Kekuatan ekonomi lapisan masyarakat kita yang heterogen membuat kebutuhan akan sandang juga majemuk. Masyarakat kita menilai bahwa membeli pakaian bekas juga upaya untuk tetap tangguh di tengah ketidakpastian dan usaha mencukupkan kebutuhan bulanan. Sehingga ekstraksi dalam hal pemenuhan akan urusan sandang bisa dibilang tercukupi. Kekuatan daya beli yang beragam membuat adanya segementasi rinci dan penting bagi pelaku usaha thrifting.
Bagi pelaku usaha thrifting, segementasi pasar yang ia lakukan tentunya bisa diadu dengan sejumlah brand lokal. Analisis SWOT akan kualitas barang juga tidak kalah dengan barang baru di usaha tekstil dan fesyen dalam negeri. Radiasi trend fesyen membuat sebagian anak muda turut meramaikan kompetisi akan brand lokal versus thrifting. Generasi muda yang ingin tetap on point selalu mengusahakan dirinya berpenampilan menarik sesuai dengan trend fesyen. Paparan ini juga tidak bisa ditolak dan ditahan karena ia adalah produk dari globalisasi dan kemajuan teknologi informasi. Utamanya gaya hidup selalu digaungkan anak muda untuk mendapatkan nilai validasi yang terbentuk dari tataran konstruk sosial.
Disparitas Fast Fashion dan Sustainable Fashion
Meningkatnya akses masyarakat terhadap produk pakaian bekas dan sejumlah item aksesoris bekas dimungkinkan karena kemunculan beragam aksebilitas transaksi jual beli. Keterbukaan pasar global bagi pemasok, eksportir, importir, lengahnya pengawasan pintu gerbang internasional dan keabaian stakeholder, adalah sebagian wujud dari hal tersebut.
Peran eksistensi pakaian bekas sebagai budaya populer juga makin terintegrasi di keseharian masyarakat. Hal ini didukung salah satunya oleh tingkat adopsi teknologi yang tinggi, terutama generasi milenial dan Generasi Z (kelahiran 1995-2010) yang merupakan penyumbang demografi terbesar (53,81%) dari total penduduk Indonesia (BPS, 2022).
Pesatnya adopsi teknologi menjadikan generasi muda sebagai pendorong masifnya pakaian bekas yang sangat penting. Dominasi generasi Z dalam pasar fesyen dianggap mampu untuk menjaga eksistensi brand lokal di industri sirkular fesyen Tanah Air.

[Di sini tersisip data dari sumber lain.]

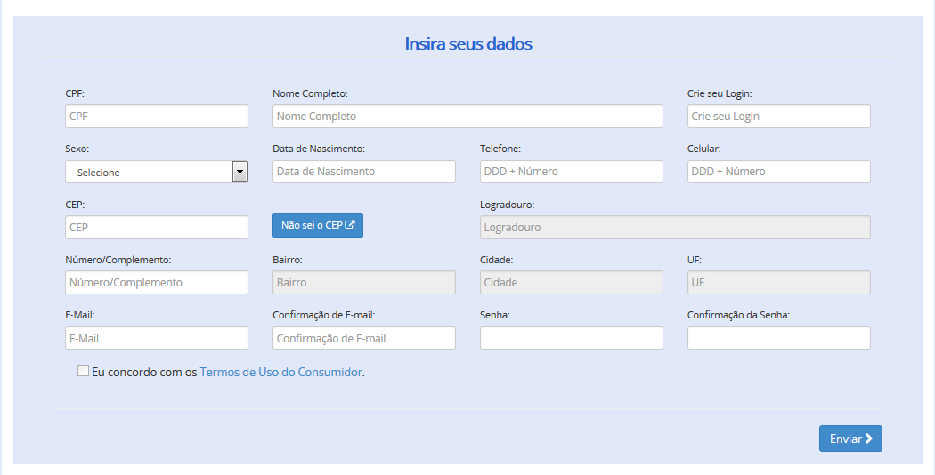 O cadastro do usuário para utilizar a plataforma é imprescindível, porém é bem fácil e simples de ser feito, devendo ser apenas preenchido o formulário a seguir:

Mayoritas kawula muda juga memiliki persepsi bahwa fast fesyen menarik karena murah dan tidak ada rasa menyesal kalau sudah bosan. Istilah ini menyuarakan bahwa perputaran mode berlaku secara cepat dan diproduksi secara masal. Dalam industri fashion yang berkembang 20 tahun belakangan ini, ditemukan sejumlah faktor evolusi mode seperti kebutuhan untuk mengurangi biaya produksi, tenaga kerja, dan produk; upaya peningkatan jumlah harapan pelanggan; globalisasi; dan teknologi.
Macam-macam industri menggembar-gemborkan kredensial keberlanjutan (sustain) mereka lebih kuat daripada industri fast fashion. Ragam produk ditemukan mulai dari pakaian renang hingga gaun pengantin dipasarkan dengan klaim organik atau vegan. Sejumlah inovasi hadir melalui model bisnis dengan klaim sustain termasuk daur ulang, penjualan kembali, penyewaan, dan reparasi sebagai upaya konservasi lingkungan.